Could you retype the lines below, starting at the line holding "Caja de Teléfono" and stopping at the line holding "Wood clinker construction", inclusive? Copy them exactly and drop the images.

=-=-=

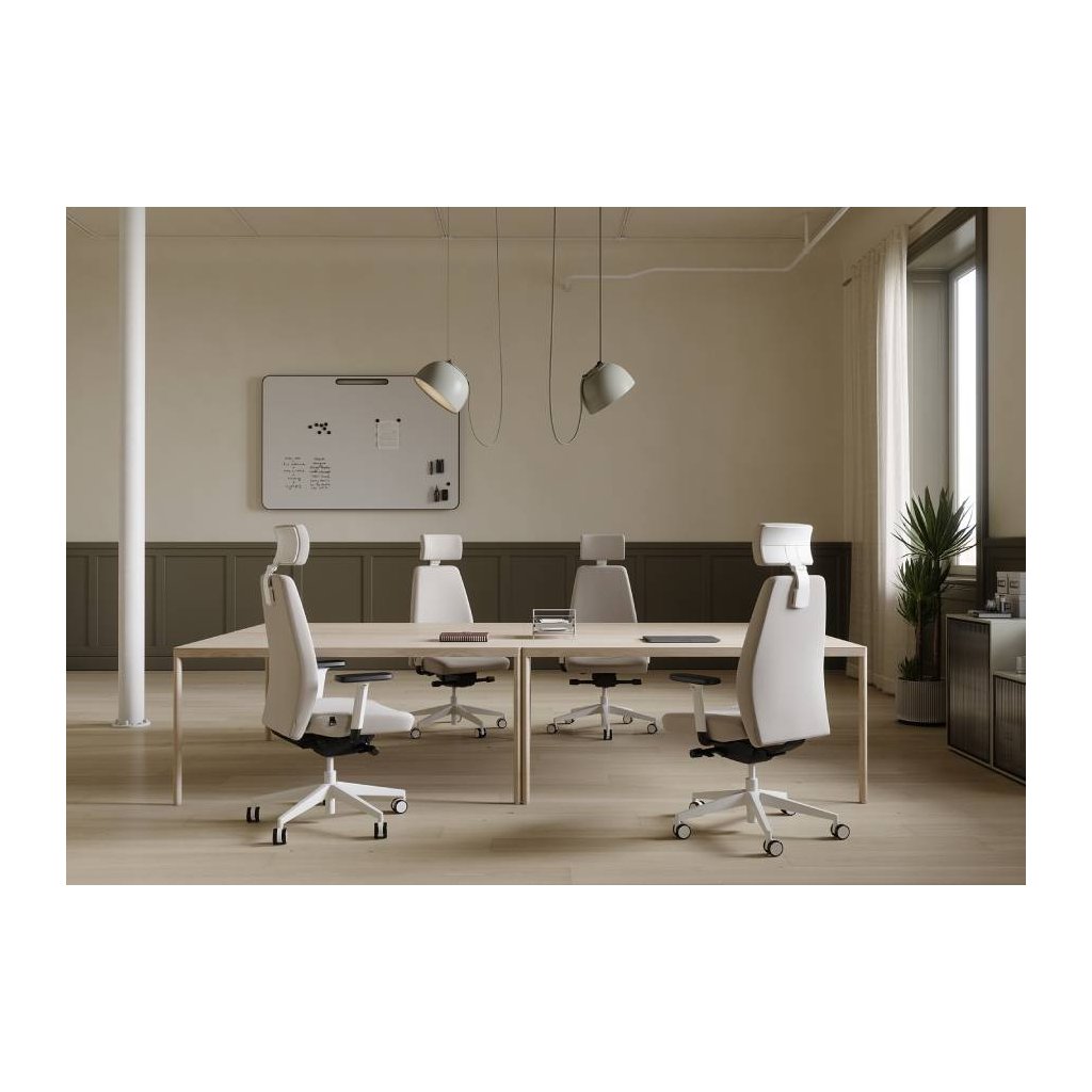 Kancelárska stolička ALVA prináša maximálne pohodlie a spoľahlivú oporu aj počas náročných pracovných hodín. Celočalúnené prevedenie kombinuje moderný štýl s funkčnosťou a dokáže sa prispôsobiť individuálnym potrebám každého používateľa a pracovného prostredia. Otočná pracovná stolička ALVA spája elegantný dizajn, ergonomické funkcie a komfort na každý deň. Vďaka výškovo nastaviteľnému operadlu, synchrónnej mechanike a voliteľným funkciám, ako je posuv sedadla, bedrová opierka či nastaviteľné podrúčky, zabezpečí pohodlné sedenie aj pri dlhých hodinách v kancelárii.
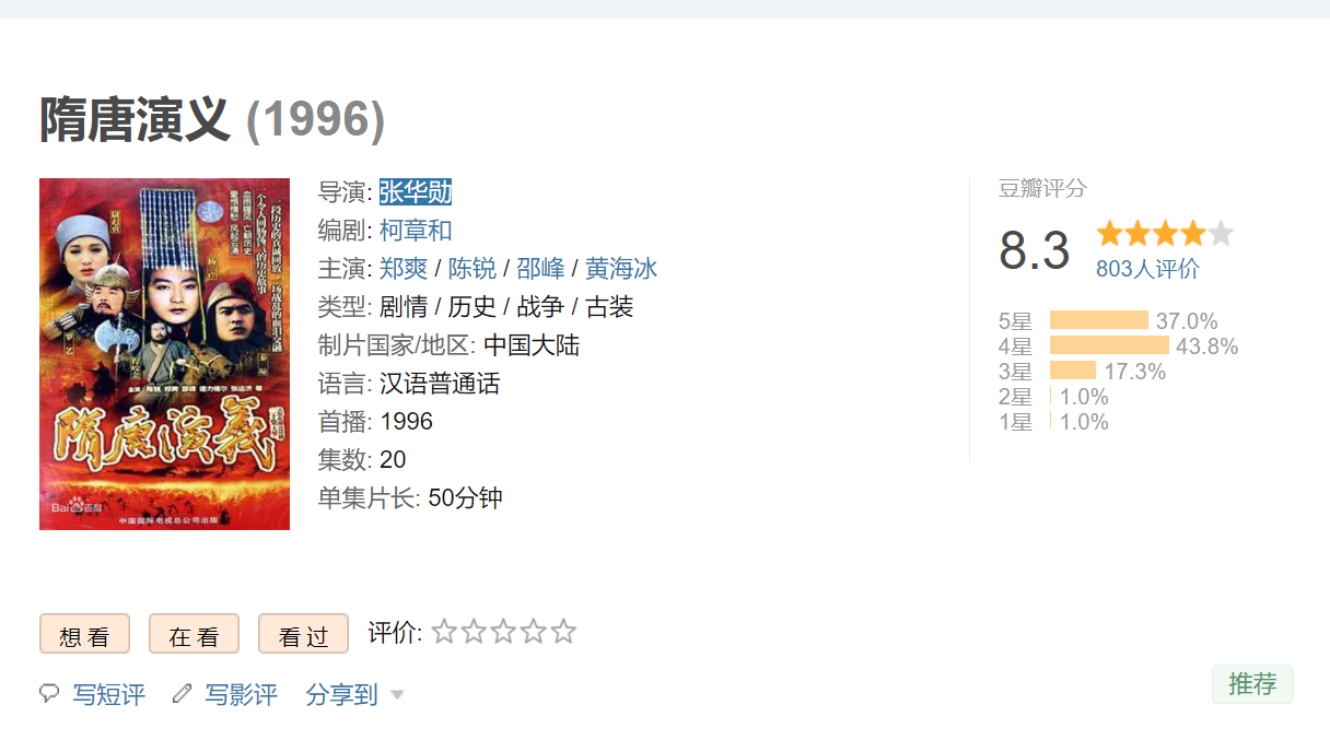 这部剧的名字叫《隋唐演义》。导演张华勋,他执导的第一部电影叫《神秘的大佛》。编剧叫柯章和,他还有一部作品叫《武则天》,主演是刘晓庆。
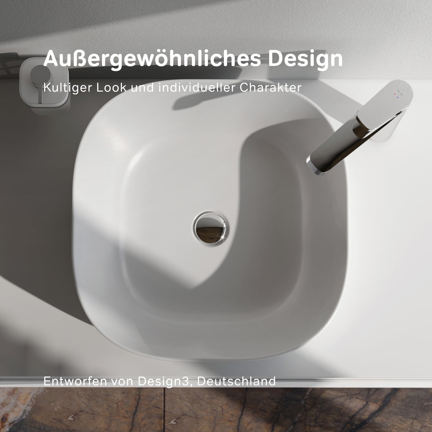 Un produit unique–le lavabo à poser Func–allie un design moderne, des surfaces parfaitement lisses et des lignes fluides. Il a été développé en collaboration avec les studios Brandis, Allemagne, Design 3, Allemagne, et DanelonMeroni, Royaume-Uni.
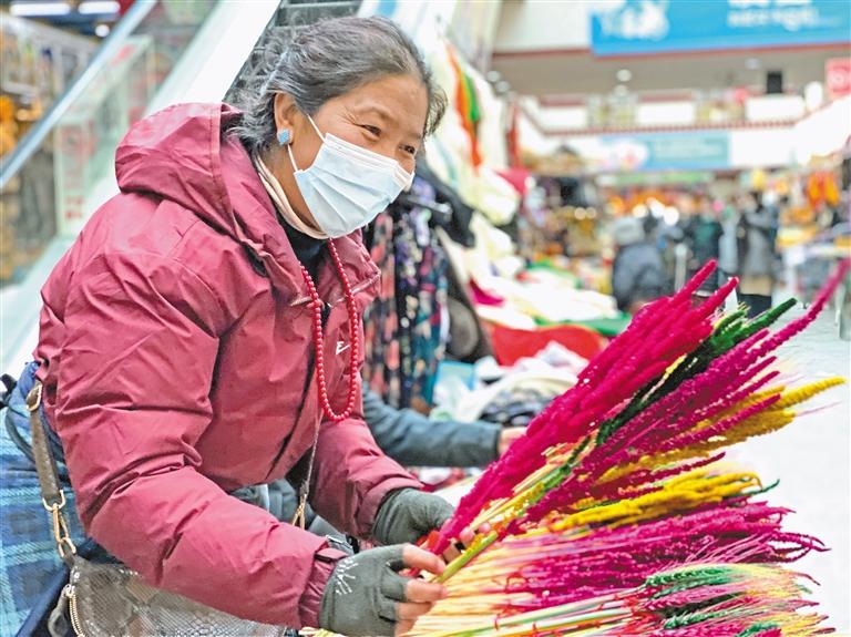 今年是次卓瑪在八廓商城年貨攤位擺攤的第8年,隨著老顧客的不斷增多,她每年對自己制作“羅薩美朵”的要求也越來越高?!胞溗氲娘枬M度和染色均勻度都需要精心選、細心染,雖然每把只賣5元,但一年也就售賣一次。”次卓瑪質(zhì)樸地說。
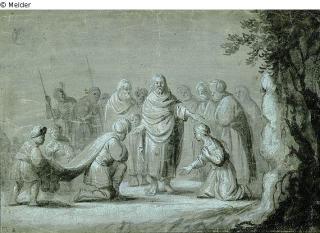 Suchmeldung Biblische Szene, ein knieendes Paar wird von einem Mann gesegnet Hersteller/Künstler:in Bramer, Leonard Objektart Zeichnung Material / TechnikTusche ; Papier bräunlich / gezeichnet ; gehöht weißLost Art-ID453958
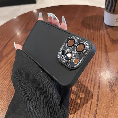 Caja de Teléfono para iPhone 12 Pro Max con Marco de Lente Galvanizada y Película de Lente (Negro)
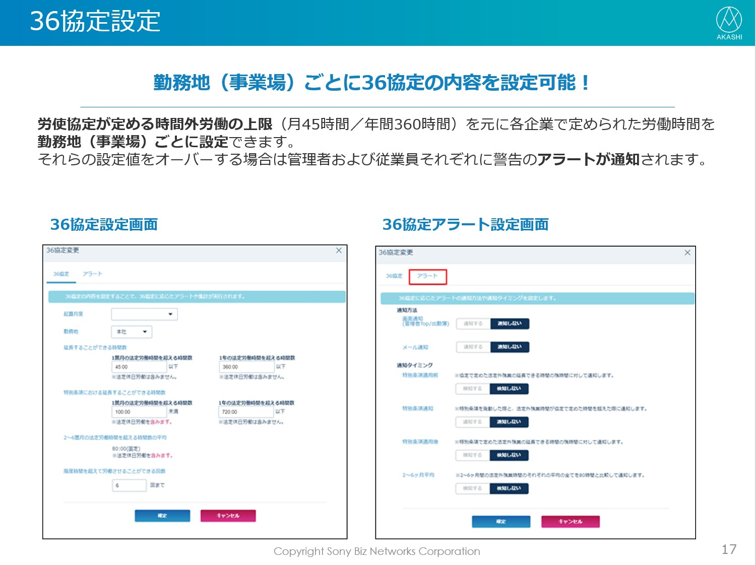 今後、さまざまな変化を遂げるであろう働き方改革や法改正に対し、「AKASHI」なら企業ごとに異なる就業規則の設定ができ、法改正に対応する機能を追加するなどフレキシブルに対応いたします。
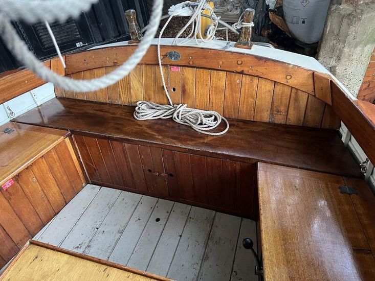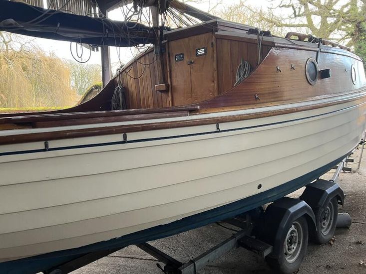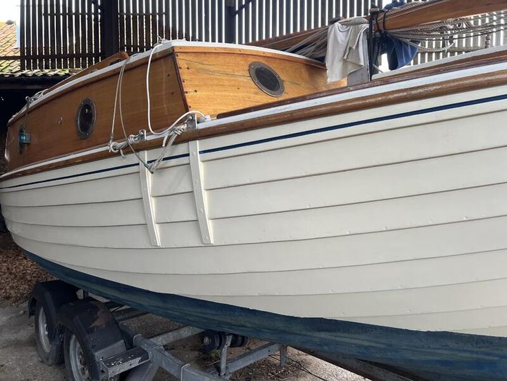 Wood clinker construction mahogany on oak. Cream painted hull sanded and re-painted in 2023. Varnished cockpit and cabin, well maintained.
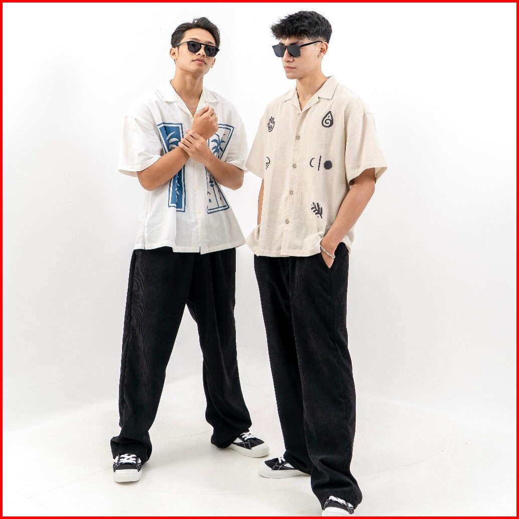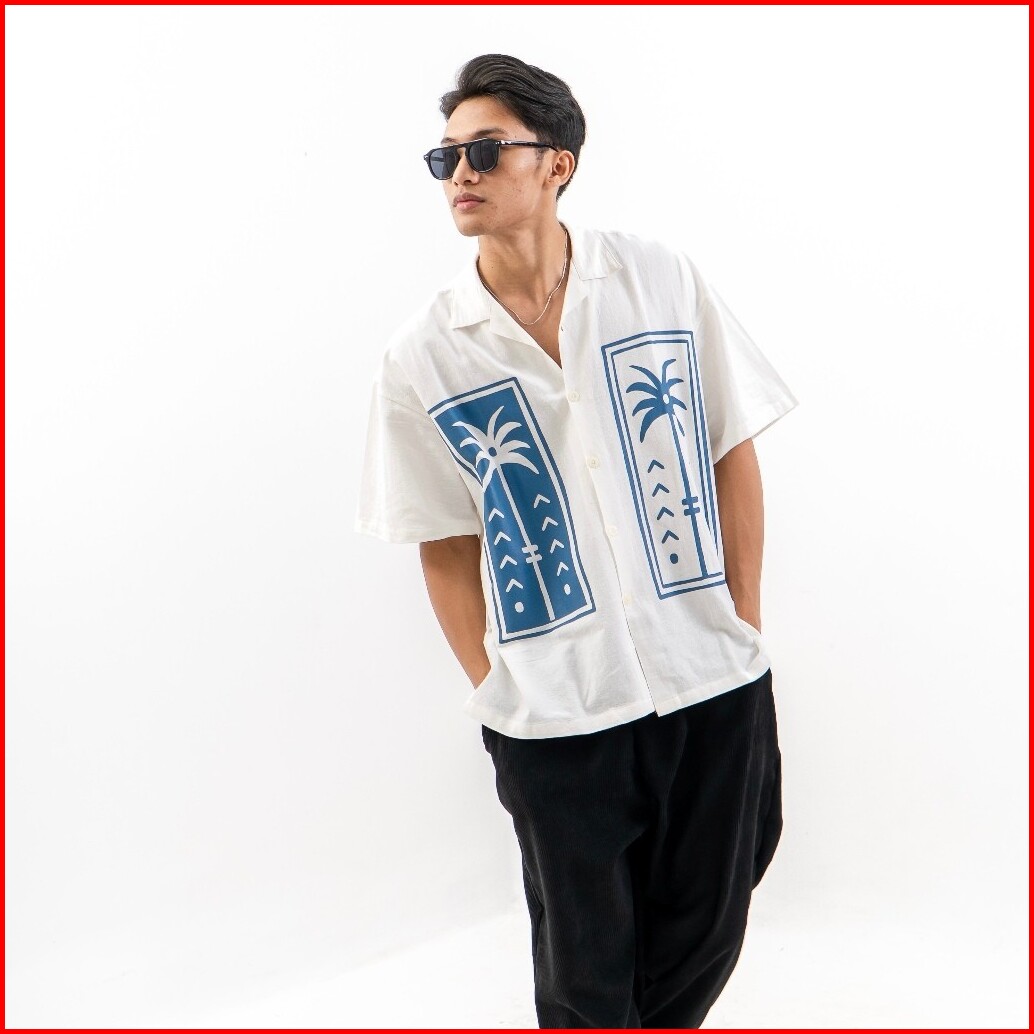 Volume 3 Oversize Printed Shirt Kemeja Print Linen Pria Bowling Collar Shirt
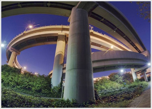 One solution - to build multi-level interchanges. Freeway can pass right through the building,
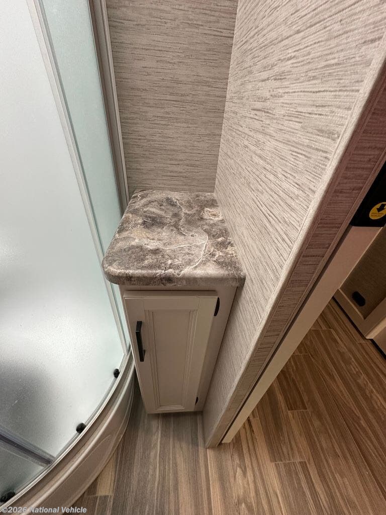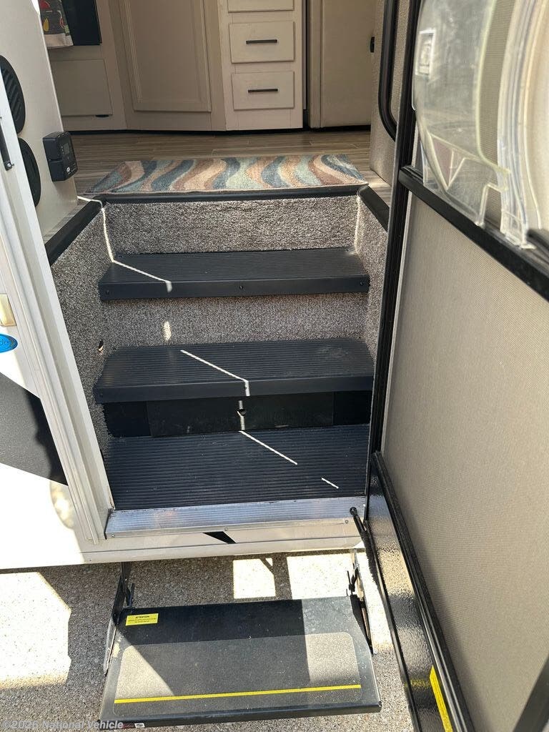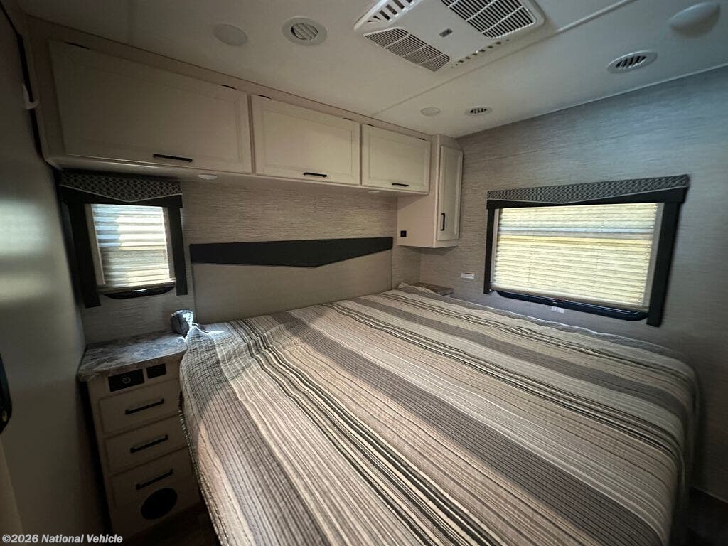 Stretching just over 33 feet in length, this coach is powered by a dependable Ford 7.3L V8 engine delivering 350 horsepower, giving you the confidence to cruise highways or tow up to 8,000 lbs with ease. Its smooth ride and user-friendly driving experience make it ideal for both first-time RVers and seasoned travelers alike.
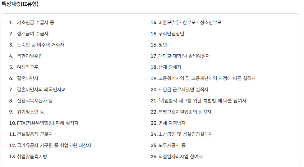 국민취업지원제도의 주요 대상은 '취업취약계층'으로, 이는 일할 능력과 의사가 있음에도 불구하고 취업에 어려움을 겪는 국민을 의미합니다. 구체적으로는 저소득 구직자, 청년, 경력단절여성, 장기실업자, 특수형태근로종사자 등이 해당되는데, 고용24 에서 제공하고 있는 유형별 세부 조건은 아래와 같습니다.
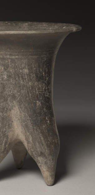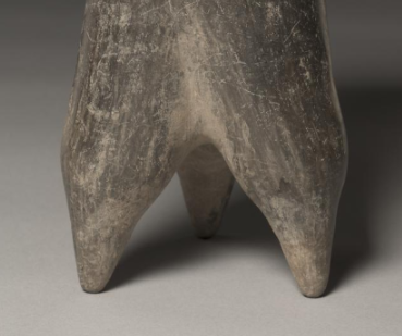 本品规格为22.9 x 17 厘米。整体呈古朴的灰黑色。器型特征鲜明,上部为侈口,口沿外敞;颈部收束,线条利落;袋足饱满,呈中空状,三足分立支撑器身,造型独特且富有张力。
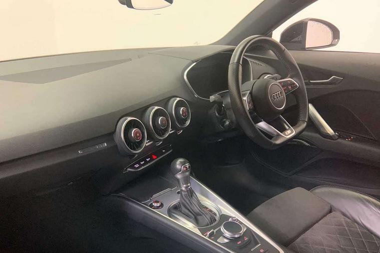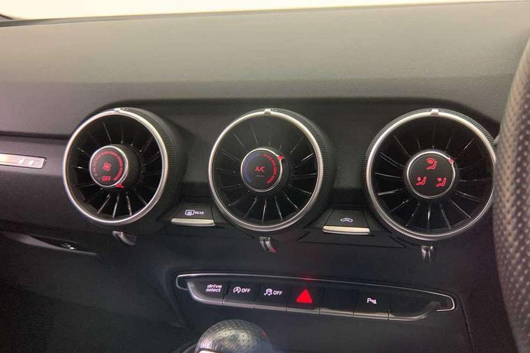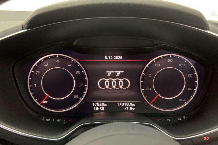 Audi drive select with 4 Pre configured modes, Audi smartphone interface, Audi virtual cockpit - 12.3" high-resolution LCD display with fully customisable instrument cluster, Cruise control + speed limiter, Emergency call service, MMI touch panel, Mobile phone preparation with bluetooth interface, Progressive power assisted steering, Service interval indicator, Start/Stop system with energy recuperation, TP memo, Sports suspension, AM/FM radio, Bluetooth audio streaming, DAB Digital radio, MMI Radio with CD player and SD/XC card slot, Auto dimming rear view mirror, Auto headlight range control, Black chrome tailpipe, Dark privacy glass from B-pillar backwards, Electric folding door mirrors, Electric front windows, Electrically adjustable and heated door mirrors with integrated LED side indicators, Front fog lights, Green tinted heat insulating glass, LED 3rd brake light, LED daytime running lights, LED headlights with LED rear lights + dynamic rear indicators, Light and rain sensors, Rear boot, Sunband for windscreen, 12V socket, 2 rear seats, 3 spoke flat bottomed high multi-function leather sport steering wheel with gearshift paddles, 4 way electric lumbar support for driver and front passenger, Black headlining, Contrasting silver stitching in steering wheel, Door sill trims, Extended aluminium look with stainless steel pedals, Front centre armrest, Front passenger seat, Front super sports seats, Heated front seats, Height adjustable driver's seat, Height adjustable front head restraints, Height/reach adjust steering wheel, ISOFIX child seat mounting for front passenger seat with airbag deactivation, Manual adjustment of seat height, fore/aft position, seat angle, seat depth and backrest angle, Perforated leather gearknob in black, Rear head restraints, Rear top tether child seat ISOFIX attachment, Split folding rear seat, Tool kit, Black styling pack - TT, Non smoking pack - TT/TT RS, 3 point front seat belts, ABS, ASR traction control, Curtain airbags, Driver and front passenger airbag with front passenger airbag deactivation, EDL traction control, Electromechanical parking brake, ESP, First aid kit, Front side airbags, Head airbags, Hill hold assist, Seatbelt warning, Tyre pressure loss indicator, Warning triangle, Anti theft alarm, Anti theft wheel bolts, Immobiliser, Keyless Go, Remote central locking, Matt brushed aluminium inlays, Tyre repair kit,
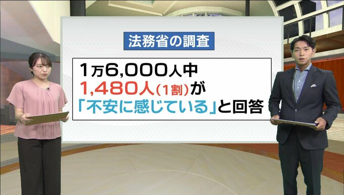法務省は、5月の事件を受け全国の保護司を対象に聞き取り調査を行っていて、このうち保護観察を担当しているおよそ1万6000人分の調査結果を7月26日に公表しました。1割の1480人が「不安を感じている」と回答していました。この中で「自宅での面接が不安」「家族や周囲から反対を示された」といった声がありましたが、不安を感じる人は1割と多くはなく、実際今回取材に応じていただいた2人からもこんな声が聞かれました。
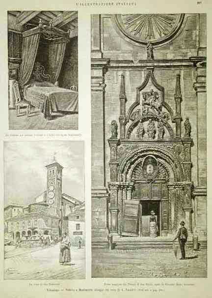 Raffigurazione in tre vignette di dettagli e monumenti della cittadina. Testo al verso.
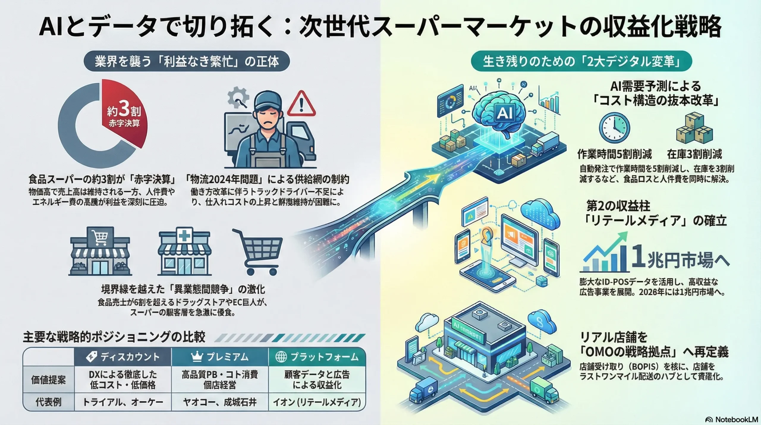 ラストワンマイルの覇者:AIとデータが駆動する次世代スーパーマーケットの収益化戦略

=-=-=

● **Written response**
 Caja de Teléfono para iPhone 12 Pro Max con Marco de Lente Galvanizada y Película de Lente (Negro)
 今後、さまざまな変化を遂げるであろう働き方改革や法改正に対し、「AKASHI」なら企業ごとに異なる就業規則の設定ができ、法改正に対応する機能を追加するなどフレキシブルに対応いたします。
 Wood clinker construction mahogany on oak. Cream painted hull sanded and re-painted in 2023. Varnished cockpit and cabin, well maintained.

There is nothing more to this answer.